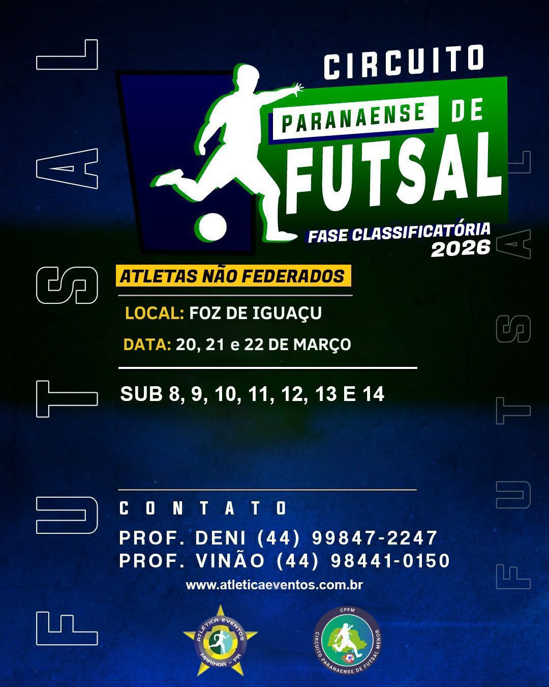 O Circuito Paranaense de Futsal 2026 chega à sua fase classificatória reunindo jovens talentos de diversas categorias em Foz do Iguaçu. Voltado para atletas não federados, o evento será realizado nos dias 20, 21 e 22 de março, contemplando as categorias Sub 8 ao Sub 14. A competição se consolida como uma importante vitrine para o futsal de base, incentivando o desenvolvimento esportivo, a integração entre equipes e a descoberta de novos talentos no cenário paranaense.
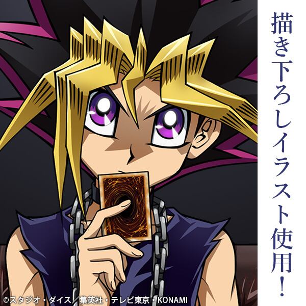 ・最強の決闘者達がここに集合。椅子の上でカードを片手に、静かに佇む武藤遊戯は新規描き下ろし!
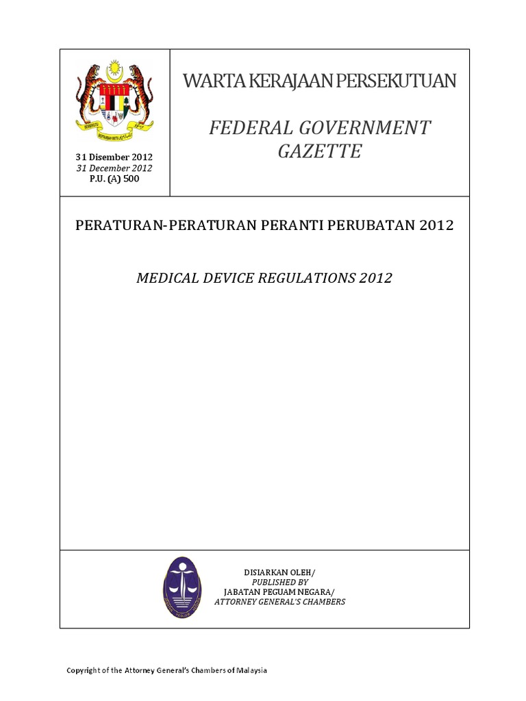Peraturan Peranti Perubatan 20121231 P U A 500 Pdf
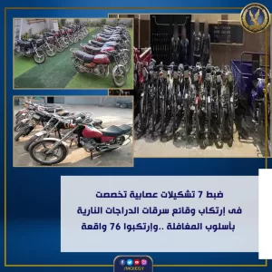 كشفت وزارة الداخلية عبر صفحتها الرسمية على موقع التواصل الاجتماعي «فيس بوك» تفاصيل ضبط 7 تشكيلات عصابية تخصصت في سرقة الدراجات النارية بأسلوب المغافلة.
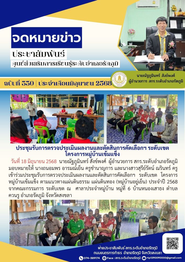 วันที่ 18 มิถุนายน 2568 นายณัฐภูมินทร์ สังข์พงศ์ ผู้อำนวยการ สกร.ระดับอำเภอรัตภูมิ มอบหมายให้ นางถนอมพร อารมณ์เย็น ครูชำนาญการ และนางสาวสุรีย์รัตน์ ณรินทร์ ครู เข้าร่วมประชุมรับการตรวจประเมินผลงานและตัดสินการคัดเลือกฯ ระดับเขต โครงการหมู่บ้านเข้มแข็ง ตามแนวทางแผ่นดินธรรม แผ่นดินทอง (หมู่บ้านอยู่เย็น) ประจำปี 2568 จากคณะกรรมการ ระดับเขต ณ ศาลาประจำหมู่บ้าน หมู่ที่ 6 บ้านหนองเสาธง ตำบล ควนรู อำเภอรัตภูมิ จังหวัดสงขลา
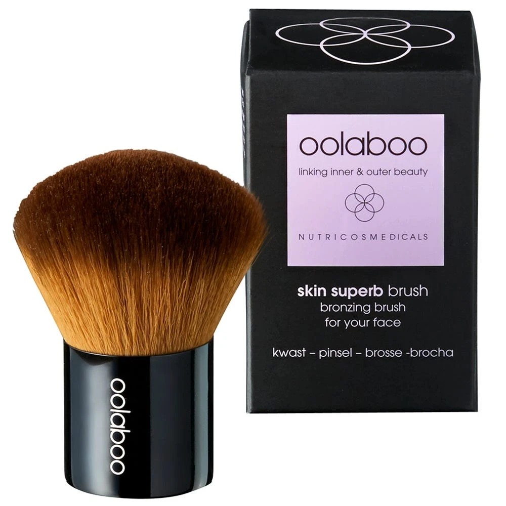Die oolaboo SKIN SUPERB bronziong brush eignet sich perfekt für die Anwendung im Gesicht des SKIN SUPERB organic spray-on bronzer.

▸ **Exercise prompt**: Omit every picture while transcribing the records above exactly.

▸ **Your response**:
 O Circuito Paranaense de Futsal 2026 chega à sua fase classificatória reunindo jovens talentos de diversas categorias em Foz do Iguaçu. Voltado para atletas não federados, o evento será realizado nos dias 20, 21 e 22 de março, contemplando as categorias Sub 8 ao Sub 14. A competição se consolida como uma importante vitrine para o futsal de base, incentivando o desenvolvimento esportivo, a integração entre equipes e a descoberta de novos talentos no cenário paranaense.
 ・最強の決闘者達がここに集合。椅子の上でカードを片手に、静かに佇む武藤遊戯は新規描き下ろし!
Peraturan Peranti Perubatan 20121231 P U A 500 Pdf
 كشفت وزارة الداخلية عبر صفحتها الرسمية على موقع التواصل الاجتماعي «فيس بوك» تفاصيل ضبط 7 تشكيلات عصابية تخصصت في سرقة الدراجات النارية بأسلوب المغافلة.
 วันที่ 18 มิถุนายน 2568 นายณัฐภูมินทร์ สังข์พงศ์ ผู้อำนวยการ สกร.ระดับอำเภอรัตภูมิ มอบหมายให้ นางถนอมพร อารมณ์เย็น ครูชำนาญการ และนางสาวสุรีย์รัตน์ ณรินทร์ ครู เข้าร่วมประชุมรับการตรวจประเมินผลงานและตัดสินการคัดเลือกฯ ระดับเขต โครงการหมู่บ้านเข้มแข็ง ตามแนวทางแผ่นดินธรรม แผ่นดินทอง (หมู่บ้านอยู่เย็น) ประจำปี 2568 จากคณะกรรมการ ระดับเขต ณ ศาลาประจำหมู่บ้าน หมู่ที่ 6 บ้านหนองเสาธง ตำบล ควนรู อำเภอรัตภูมิ จังหวัดสงขลา
Die oolaboo SKIN SUPERB bronziong brush eignet sich perfekt für die Anwendung im Gesicht des SKIN SUPERB organic spray-on bronzer.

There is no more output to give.